►

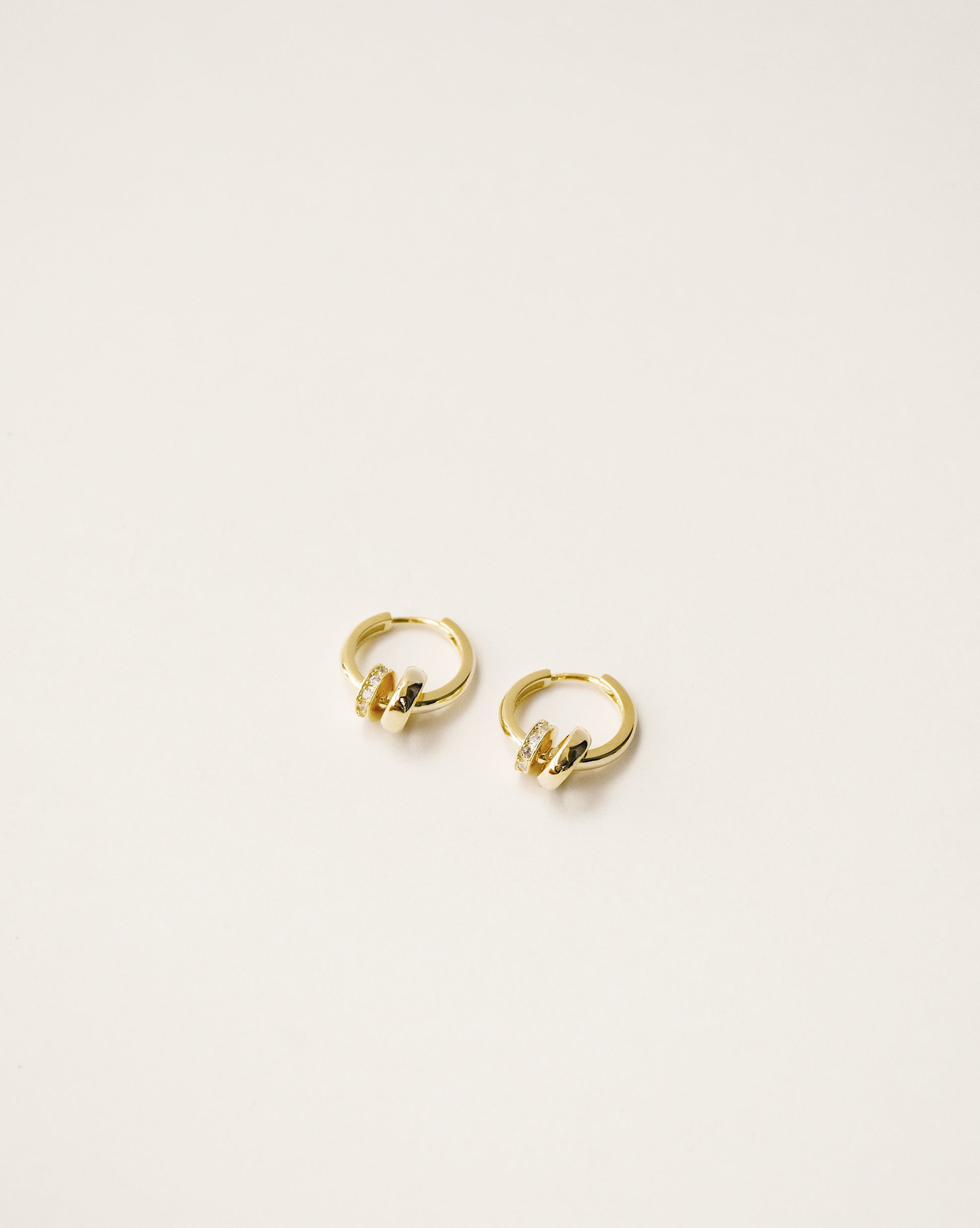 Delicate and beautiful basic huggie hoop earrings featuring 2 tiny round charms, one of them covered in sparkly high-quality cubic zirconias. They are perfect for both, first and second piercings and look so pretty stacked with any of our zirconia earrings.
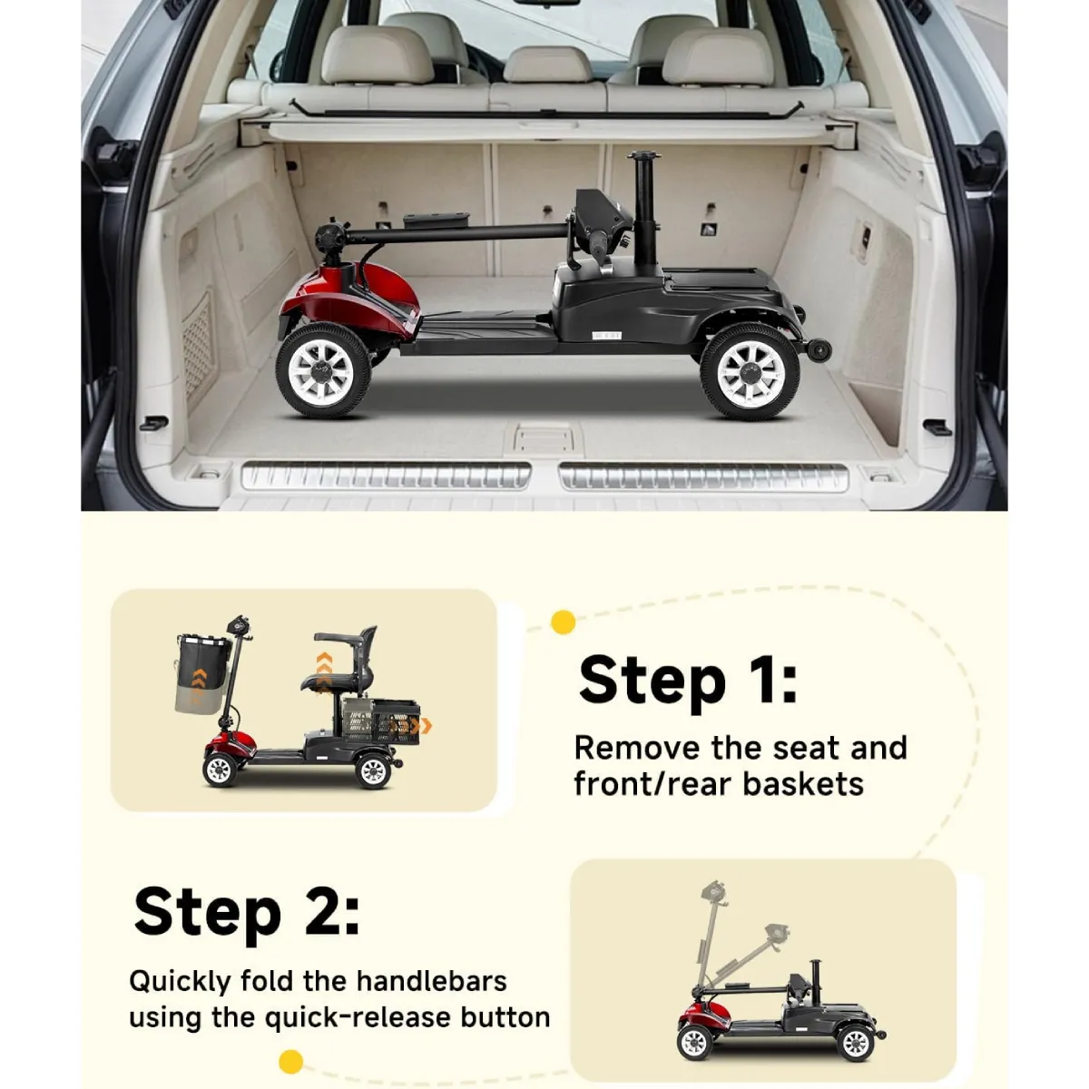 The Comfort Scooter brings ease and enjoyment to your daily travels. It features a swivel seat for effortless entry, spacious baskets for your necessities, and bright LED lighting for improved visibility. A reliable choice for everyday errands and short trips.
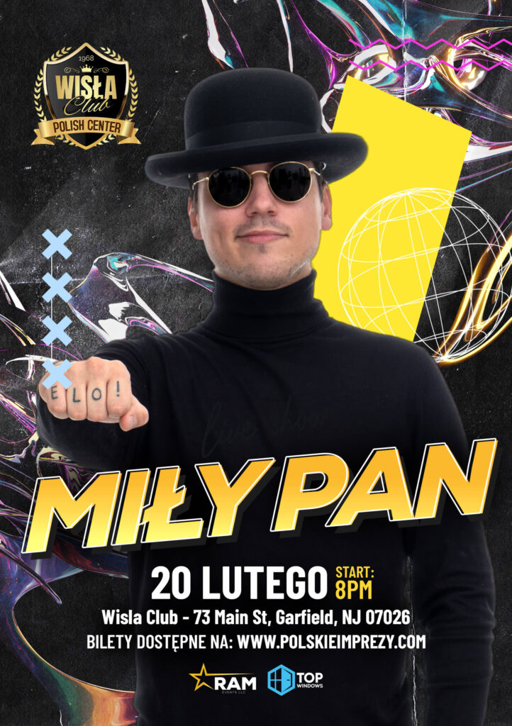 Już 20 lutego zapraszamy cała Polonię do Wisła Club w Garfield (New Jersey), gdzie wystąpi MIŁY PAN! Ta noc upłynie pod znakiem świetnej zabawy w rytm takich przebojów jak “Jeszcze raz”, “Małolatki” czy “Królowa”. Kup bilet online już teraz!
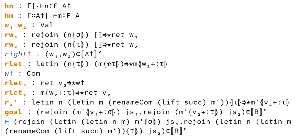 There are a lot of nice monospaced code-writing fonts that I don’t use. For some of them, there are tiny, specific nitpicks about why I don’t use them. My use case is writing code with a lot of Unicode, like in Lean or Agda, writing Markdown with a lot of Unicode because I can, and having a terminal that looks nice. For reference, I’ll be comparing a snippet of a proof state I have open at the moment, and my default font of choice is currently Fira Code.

◄

Only the pictures are to be left out, and all of the data must otherwise be transcribed exactly.

 Delicate and beautiful basic huggie hoop earrings featuring 2 tiny round charms, one of them covered in sparkly high-quality cubic zirconias. They are perfect for both, first and second piercings and look so pretty stacked with any of our zirconia earrings.
 The Comfort Scooter brings ease and enjoyment to your daily travels. It features a swivel seat for effortless entry, spacious baskets for your necessities, and bright LED lighting for improved visibility. A reliable choice for everyday errands and short trips.
 Już 20 lutego zapraszamy cała Polonię do Wisła Club w Garfield (New Jersey), gdzie wystąpi MIŁY PAN! Ta noc upłynie pod znakiem świetnej zabawy w rytm takich przebojów jak “Jeszcze raz”, “Małolatki” czy “Królowa”. Kup bilet online już teraz!
 There are a lot of nice monospaced code-writing fonts that I don’t use. For some of them, there are tiny, specific nitpicks about why I don’t use them. My use case is writing code with a lot of Unicode, like in Lean or Agda, writing Markdown with a lot of Unicode because I can, and having a terminal that looks nice. For reference, I’ll be comparing a snippet of a proof state I have open at the moment, and my default font of choice is currently Fira Code.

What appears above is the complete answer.